Don’t think you have enough employees to be covered by Title VII’s anti-discrimination provisions or other laws? If volunteers help your organization accomplish its work and you don’t count them, think again.

According to a recent 6th Circuit Court of Appeals decision, even if they don’t receive a paycheck, volunteers may sometimes be included in the 15-worker count for coverage if they receive other benefits.

Recent case: Marcia Bryson first began working for the Middle­field Volunteer Fire Department as a volunteer firefighter and then as an administrative assistant. She alleged that the fire chief subjected her to un­­wanted sexual advances, requests for sexual services and physical contact of a sexual nature. She said he conditioned her job on agreeing to sexual favors.

At the time, the fire department had at most nine employees on the payroll. In addition, a small group of volunteer firefighters received no direct pay. If they were counted as employees, the department would have met the 15-employee threshold for being covered by Title VII—and thus on the hook for sexual harassment.

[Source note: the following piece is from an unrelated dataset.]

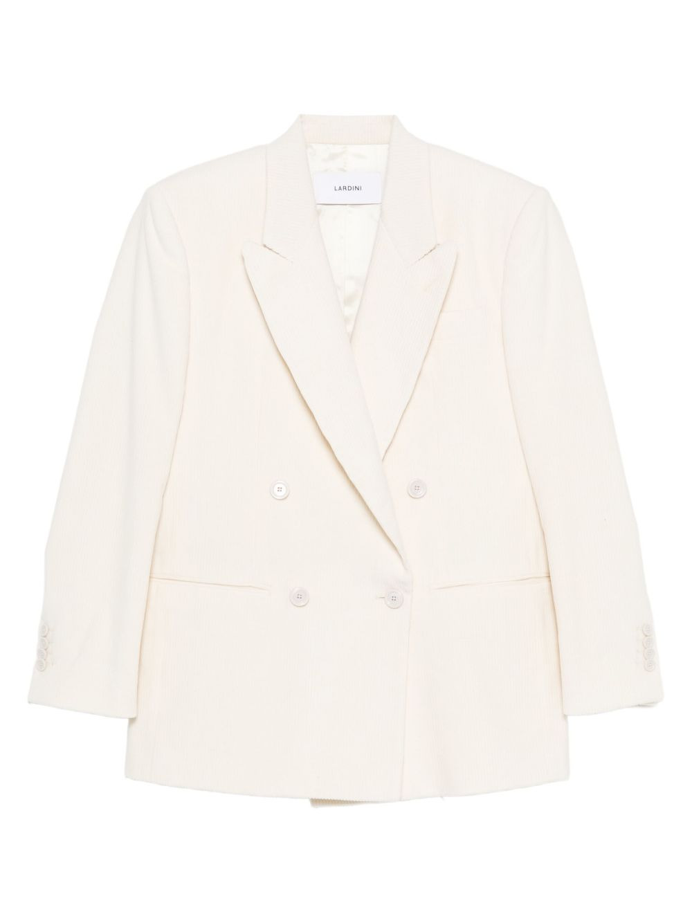 double-breasted corduroy blazer Highlights - White - Corduroy texture - Double-breasted button fastening - Notched lapels - Long sleeves Made in Italy Composition Cotton 90%, Cashmere 10% SIZE & FIT Model measurements Height 5 ft 11 in(1.8 m) Bust/Chest 31.49 in(80 cm) Hips 36.61 in(93 cm) Waist 24.4 in(62 cm) Washing instructions Read Manufacturer Guidelines

Bryson filed an EEOC complaint and the agency concluded that, under its policies, the volunteer firefighters counted as employees. Citing its own compliance manual, the EEOC said volunteers count as employees if they receive benefits such as “a pension, group life insurance, workers’ compensation and access to professional certification.” It added that when employers exercise significant control over volunteers, the scale tips further to the employee side and that receiving a paycheck isn’t a requirement.

When the case made its way to the 6th Circuit Court of Appeals, the judges essentially agreed with the EEOC. The 6th Circuit sent the case back to trial, reasoning that because the firefighters were covered by the department’s workers’ compensation policy, told how to do their jobs, had opportunities for training and could purchase life insurance through the department, they appeared to be em­ployees and should be counted toward the 15-employee threshold. (Bryson v. Middle­­field Vol­­un­­­teer Fire De­­part­­ment, No. 10-3055, 6th Cir., 2011)

Final notes: More and more vol­un­teers—in­­cluding interns—are begin­ning to assert their rights. In the private sector, for example, interns have made big inroads using the argument that they should be paid minimum wage in most cases, especially if their internships are essentially unpaid jobs that would normally have to be done by someone else.

It’s not just a pay issue. Remember that you are also responsible for any sexual harassment or discrimination that interns and volunteers experience while working for you.

If you use volunteers, always consult your attorney before providing benefits such as workers’ compensation coverage or even tokens of appreciation such as gas or merchandise cash cards. The more restrictions you place on volunteers, such as setting their hours, the more likely they can morph into employees.

This is especially important if your employee count is close to minimums for coverage by labor laws like the FMLA. You don’t want to “hire” employee No. 50 as a volunteer and then suddenly find the organization is obligated to provide FMLA leave.